Holly Weeks: A second interview, by Bob Morris

Holly Weeks publishes, teaches, and consults on communications issues. She is Adjunct Lecturer in Public Policy teaching the Arts of Communication at the Harvard Kennedy School. Her book Failure to Communicate: How Conversations Go Wrong and What You Can Do to Right Them (Harvard Business Publishing, 2008) emphasizes handling difficult conversations well.

She gives advice for difficult communications in publications and broadcasts ranging from Harvard Business Review to O, the Oprah Magazine to ESPN Radio and CBS News Sunday. She is an advising expert for Harvard ManageMentor and a Conversation Starter on the HarvardBusiness.org blog.

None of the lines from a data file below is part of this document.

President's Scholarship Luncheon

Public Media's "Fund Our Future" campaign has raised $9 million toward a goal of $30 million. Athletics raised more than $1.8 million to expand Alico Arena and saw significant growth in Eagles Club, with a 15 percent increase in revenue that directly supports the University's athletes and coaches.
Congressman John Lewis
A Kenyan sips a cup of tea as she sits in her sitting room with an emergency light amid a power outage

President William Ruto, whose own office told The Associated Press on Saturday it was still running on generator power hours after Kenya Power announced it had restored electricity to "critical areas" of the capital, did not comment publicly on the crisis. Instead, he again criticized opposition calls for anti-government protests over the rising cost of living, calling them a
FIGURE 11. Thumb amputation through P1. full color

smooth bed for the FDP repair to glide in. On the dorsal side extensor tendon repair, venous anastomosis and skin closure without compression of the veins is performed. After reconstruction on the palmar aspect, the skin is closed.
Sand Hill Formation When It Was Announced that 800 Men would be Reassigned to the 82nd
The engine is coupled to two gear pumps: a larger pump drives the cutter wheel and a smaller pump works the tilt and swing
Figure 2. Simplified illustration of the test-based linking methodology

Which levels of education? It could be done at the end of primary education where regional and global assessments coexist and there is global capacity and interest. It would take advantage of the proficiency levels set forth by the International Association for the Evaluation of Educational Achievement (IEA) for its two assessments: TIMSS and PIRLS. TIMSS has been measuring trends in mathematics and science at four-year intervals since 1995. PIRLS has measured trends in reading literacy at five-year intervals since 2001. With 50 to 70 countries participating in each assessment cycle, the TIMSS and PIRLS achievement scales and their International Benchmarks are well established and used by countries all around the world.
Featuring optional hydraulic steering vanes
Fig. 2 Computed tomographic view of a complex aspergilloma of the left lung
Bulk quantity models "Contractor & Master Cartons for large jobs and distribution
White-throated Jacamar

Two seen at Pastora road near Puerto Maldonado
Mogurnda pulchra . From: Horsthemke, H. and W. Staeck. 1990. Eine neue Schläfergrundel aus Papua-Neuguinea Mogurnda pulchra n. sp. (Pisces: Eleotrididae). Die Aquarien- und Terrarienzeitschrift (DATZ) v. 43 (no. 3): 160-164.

As principal of Holly Weeks Communication, she consults and coaches on communications issues, with a special emphasis on sensitive and difficult problems. She is a keynote speaker, presenter, and workshop leader at national and international conferences with groups interested in these issues.

Holly was previously an Associate in Communications in the Harvard Business School MBA Program. As a Distinguished Instructor, she taught Management Communication, and Negotiation and Conflict Resolution, at the Radcliffe Institute of Harvard University. Holly has a master’s diploma in literature from the University of Edinburgh and an AB cum laude in English language and literature from Harvard University.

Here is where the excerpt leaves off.